“Os Colombias”: Marginais impõem recolher obrigatório no bairro Antonov
Um grupo de marginais denominado “Os Colombias”, está a impor o recolher obrigatório aos moradores do bairro Antonov e arredores, no município do Cazenga, mesmo com a existência de um posto de polícia na zona.
Por: Kihunga Bessa
Moradores que falaram em exclusivo a este jornal, dizem que estão limitados em circular no período nocturno, por causa da onde assaltos que cresce a cada dia naquela zona.
“O Antonov tornou-se uma das zonas mais melindrosas do Cazenga, aqui os criminosos não temem ninguém, assaltam até vizinhos” atirou um morador.
Maria Carlos, reside no bairro há mais de 20 anos, explica que a criminalidade nunca esteve tão elevada como agora, onde miúdos não tem hora nem local para praticar o mal.
Bartolomeu da Silva, outro morador, diz que os marginais actuam em toda parte do bairro, mais o local de concentração é na paragem do Nzamba 1, Tanque de Água do Cazenga e no campo que está junto a Igreja Pentecostal.

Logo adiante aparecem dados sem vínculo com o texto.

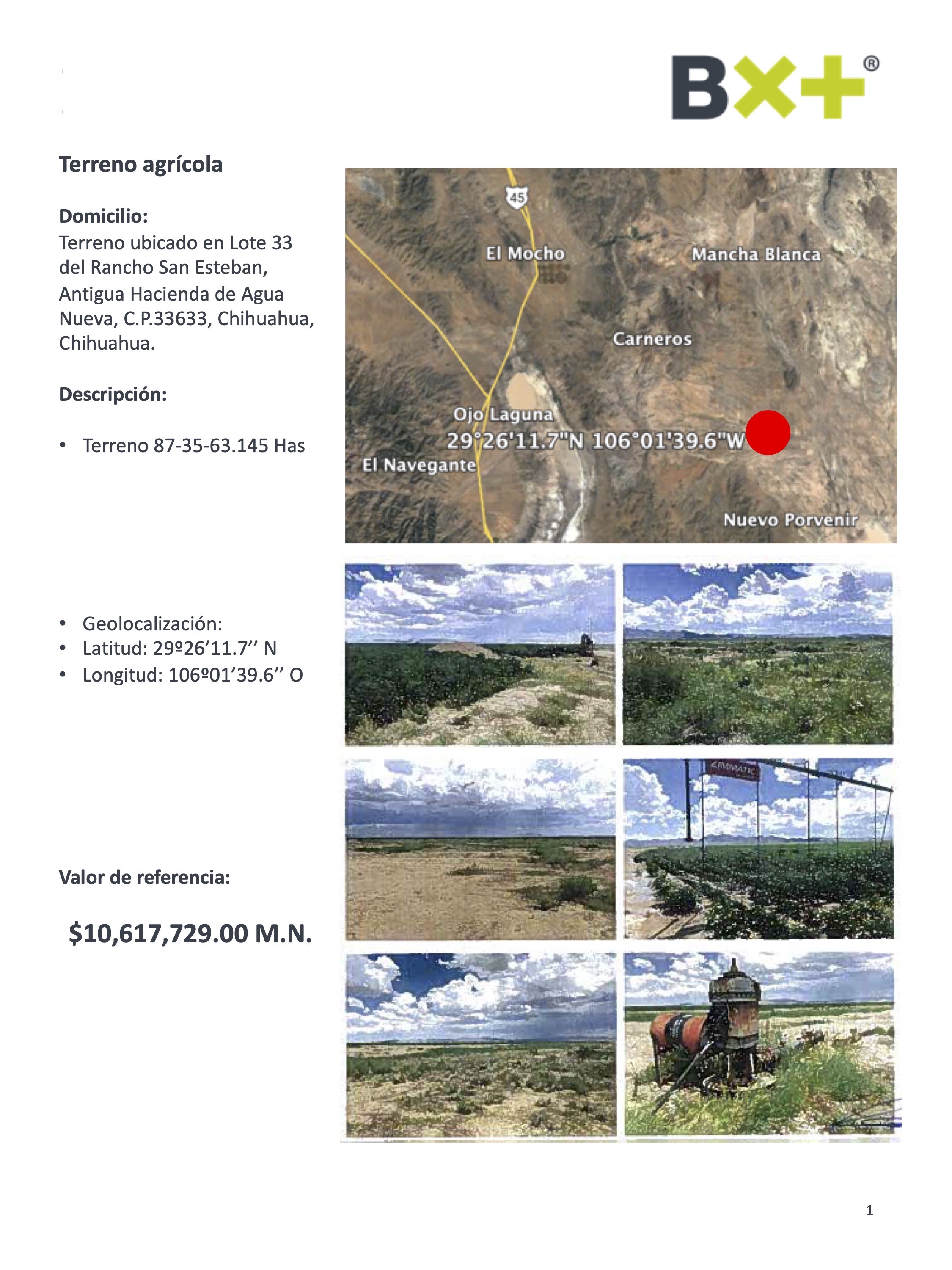 TERRENO AGRÍCOLA, TERRENO 87-35-63.145 HAS, TERRENO UBICADO EN LOTE 33 DEL RANCHO SAN ESTEBAN, ANTIGUA HACIENDA DE AGUA NUEVA, C.P.33633, CHIHUAHUA, CHIHUAHUA.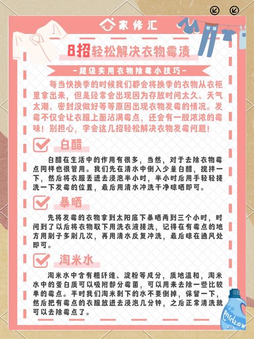〖One〗、阳光暴晒:步骤:将霉斑衣物放置在阳光下暴晒一段时间。作用:利用紫外线杀菌,减少霉斑的滋生。清除霉毛:步骤:使用刷子轻轻刷去衣物表面的霉毛。注意:避免用力过猛破坏衣物纤维。酒精溶液清洗:步骤:将酒精加入适量清水中,制成酒精溶液,用其清洗霉斑区域。作用:酒精具有杀菌作用,能有效去除霉斑。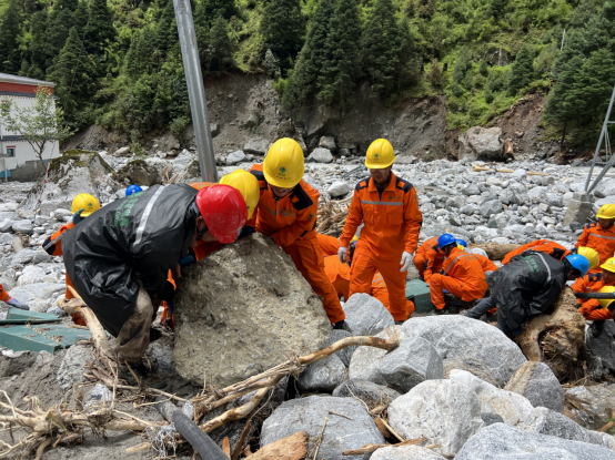 图为:7月15日,国网日喀则供电公司抢修队员在夏尔巴第一村现场检查压在石头下的电缆、并排查受损情况。卓玛杰/摄

“São todos bandidos e pertencem ao grupo denominado “Os Colombias”, estes são os mais temidos”, descobriu.
Em conversa mantida com o Na Mira, um dos responsáveis da Igreja Pentecostal que pediu para não ser identificado com medo de represálias, explicou que a onda de criminalidade no bairro afugenta os fiéis.
"Até aos domingos às pessoas temem ir a igreja por causa dos assaltos, principalmente as vigílias, hoje por hoje quase que ninguém aparece por medo dos bandidos", lamentou.
Fraco patrulhamento
Os moradores apontam o fraco patrulhamento na zona por parte da Polícia como um dos factores para subida da criminalidade.

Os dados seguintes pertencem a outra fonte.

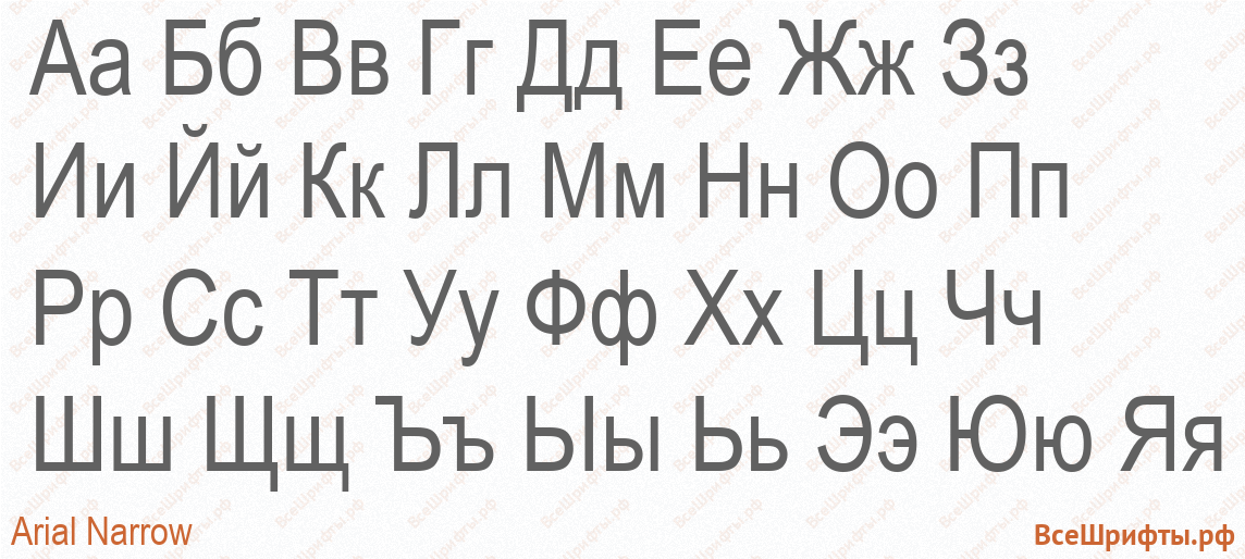 Предварительный просмотр шрифта «Arial Narrow» с прописными и строчными русскими буквами (кириллица, русский алфавит А-Я и а-я).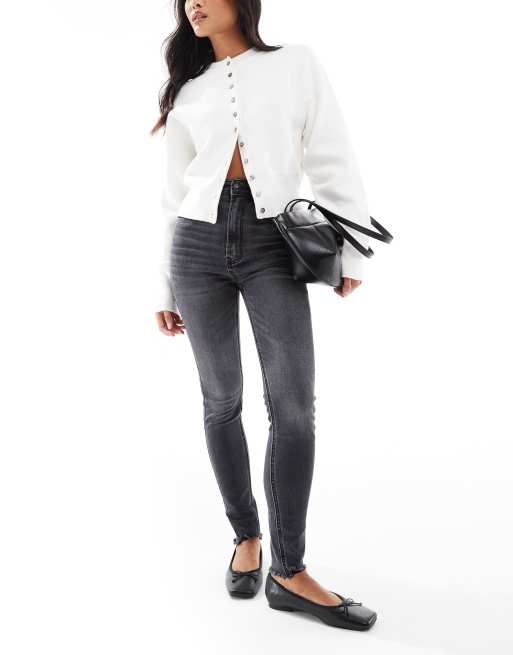 Stradivarius Petite – Supereng geschnittene Skinny-Jeans in verwaschenem Schwarz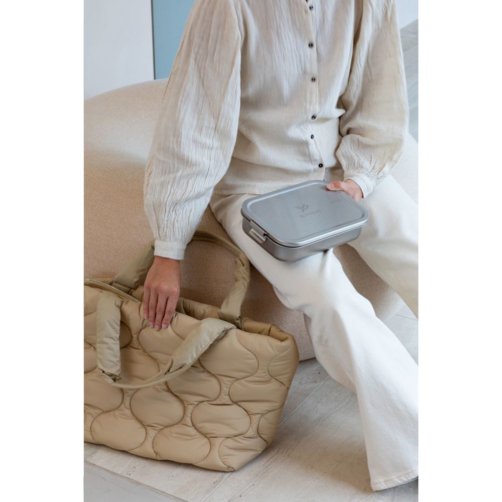 Die Brabantia Bento Lunchbox ist ein hochwertiger Behälter für den täglichen Transport deiner Mahlzeiten. Sie besteht aus robustem, silberfarbenem Edelstahl (RVS). Das Produkt besitzt eine Kapazität von 2.000 ml. Die Box verfügt über einen herausnehmbaren Trenner. Das Trennelement hält verschiedene Speisen getrennt und sauber. Diese Lunchbox kann mit deinem individuellen Logo veredelt werden.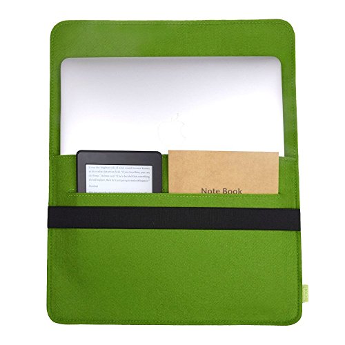 -. Feature : Elegant Eco Felt appearance and fashion simple envelope concept with rubber band buckles gives you unexpected lightweight experience; / Rubber band buckles can open and close easily with the wear-resistant, waterproof, shockproof and breathable function, you could hold it under your arm or just placing inside another bag to carry; / With 2 pockets on the front, there is a smaller compartment, which could hold the adapter, pen, mobile phone, wallet, ID cards, USB cable and keys or a tablet device; / Great for travel and also suitable for your daily life, like school and work, which could be used as a document carrier too; / General stain just wipe gently with a wet cloth, it is very easy to clean.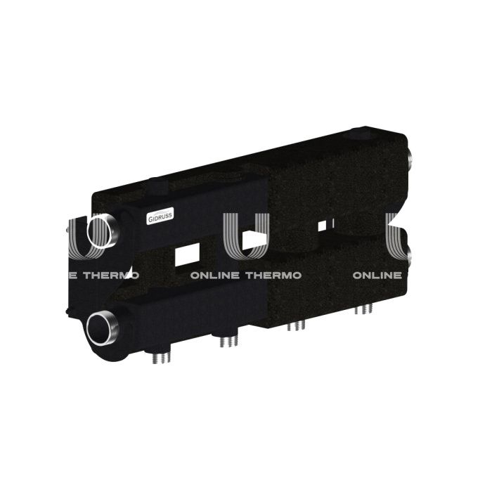 Модульный распределительный коллектор Gidruss (Гидрусс) MK-100-2.EPP, до 100 кВт, конструкционная сталь, с термоизоляцией, черный муар, универсальное подключение термодатчика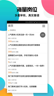 海量兼职岗位:兔牙兼职与众多知名企业合作,汇聚了各行各业的优质兼职机会。从家教、促销到文案写作、设计等专业技能岗位,应有尽有。平台每日更新大量职位信息,确保用户总能找到最适合自己的兼职工作。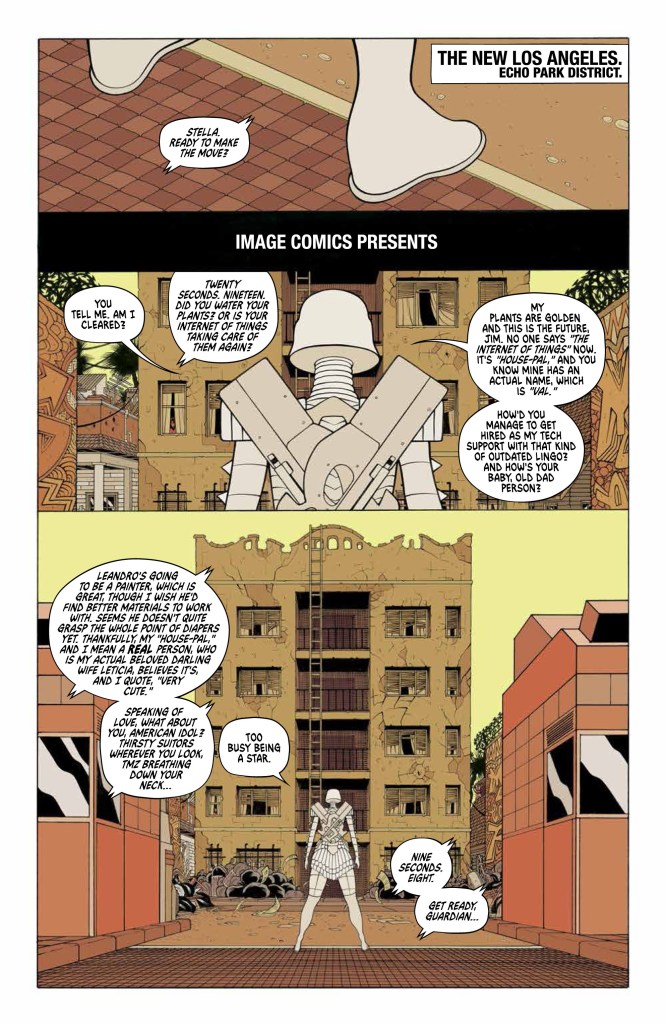 This new series is presented as a ballistic sci-fi action romance miniseries that begins with a massive-sized debut issue and features a backup comic introducing the talents of Aaron Stewart-Ahn and Sunando C.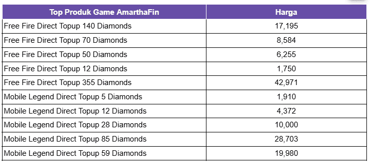 Jadi nggak ada lagi cerita diamond habis pas lagi mabar Mobile Legends atau FreeFire. Yuk cek Top 10 Produk Top Up Game favorit di AmarthaFin.

“Parece que os polícias da esquadra do Antenov também temem os marginais, é verdade que eles são perigosos, mas os polícias não podem se deixar intimidar”, retorquiram, acrescentando que, apesar de serem quase proibidos andar à noite, reconhecem que os bandidos são os próprios filhos dos moradores.

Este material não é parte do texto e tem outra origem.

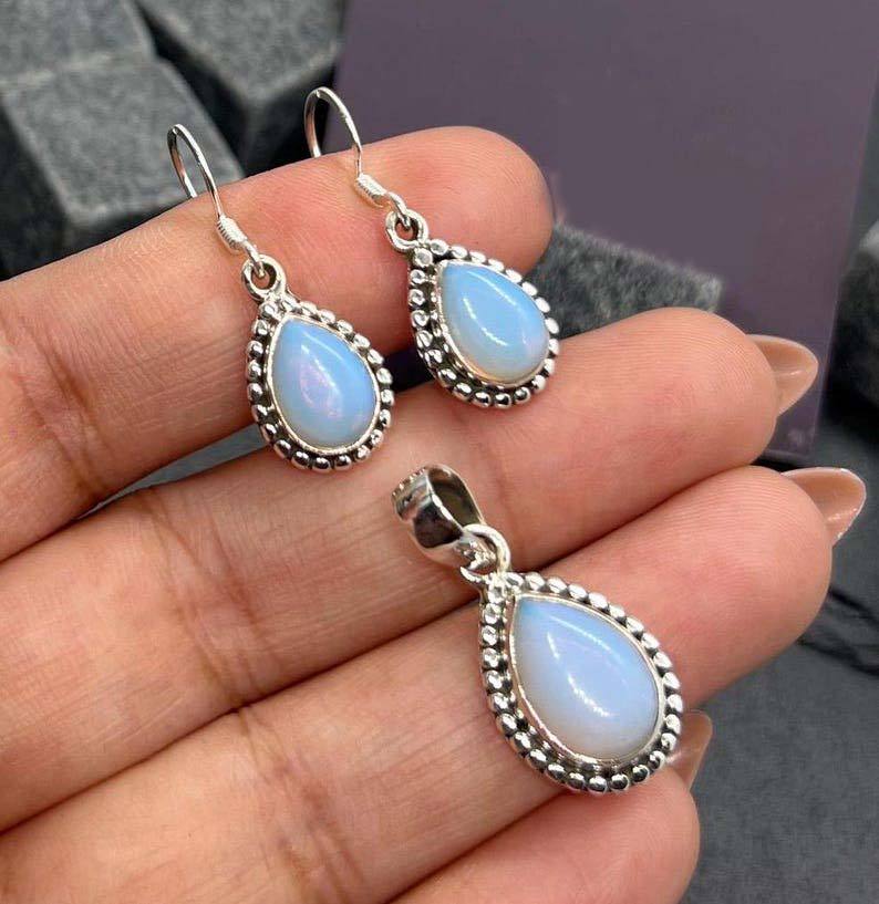 Milky Opalite Gemstone Earrings Pendant Set Jewelry for Women Boho Style Jewelry 925 Sterling Silver Trending Handmade Earrings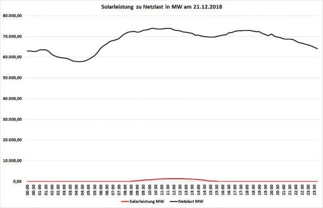 Bild 6. Der Beitrag der solaren Stromerzeugung zur Netzlast von 73.205 MW lag am 21.12.1018 selbst in der Spitze zur Mittagszeit bei geradezu kläglichen 1.414 MW (Grafik und Berechnungen: Autor, Daten)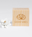 Een houten doosje van Räder met daarin een kleine porseleinen lotusbloem. Voorop het doosje staat de tekst 'Good vibes'. Lees meer..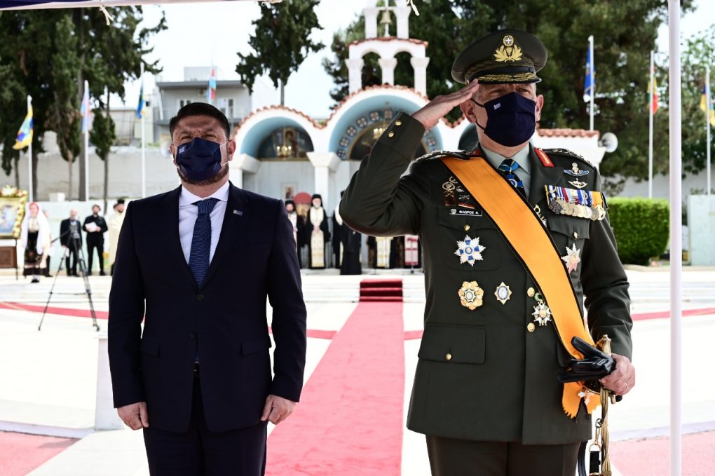 Ο Υφυπουργός Εθνικής Άμυνας κ. Νικόλαος Χαρδαλιάς, παρέστη σήμερα Παρασκευή 29 Απριλίου 2022, ως εκπρόσωπος του Πρόεδρου της Ελληνικής Κυβέρνησης κ. Κυριάκου Μητσοτάκη, στην τελετή εορτασμού του Μεγαλομάρτυρα Αγίου Γεωργίου, Προστάτη του Στρατού Ξηράς, που πραγματοποιήθηκε στην έδρα της Σχολής Πεζικού (ΣΠΖ), στη Χαλκίδα.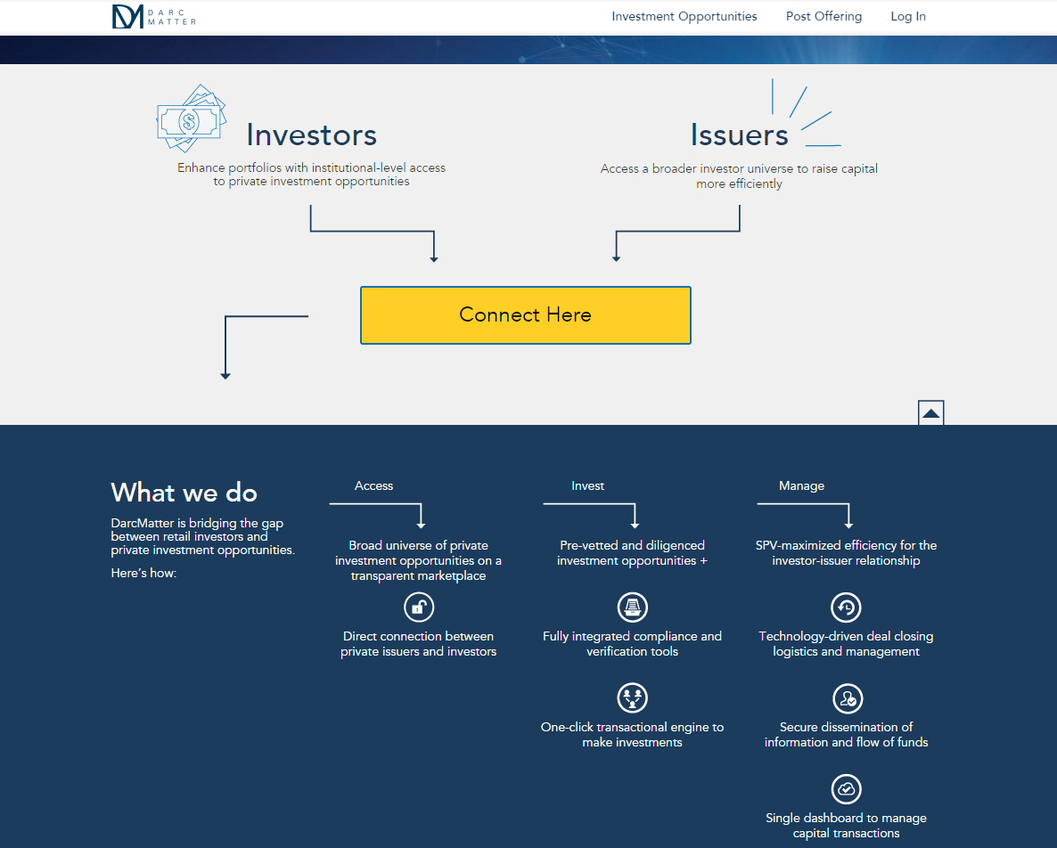 DarcMatter is an online investment platform that provides retail investors with transparent access to private investment opportunities such as venture capital, private equity, hedge funds, and commercial debt products. By utilizing proprietary structuring and technology, DarcMatter is able to provide a frictionless process for both investors and private issuers while remaining fully compliant of all current financial regulations.

Na calada da noite, contam, os criminosos usam facões, catanas e outros meios perfurantes “ e não usam para ameaçar, é mesmo para matar em caso de resistência”, alertaram.
Enquanto a equipa deste jornal reportava a situação, flagramos marginais a saquear uma moto-taxista nas imediações do colégio António Carneiro.
Moradores clamam por uma esquadra no terreno vasto denominado “campo”.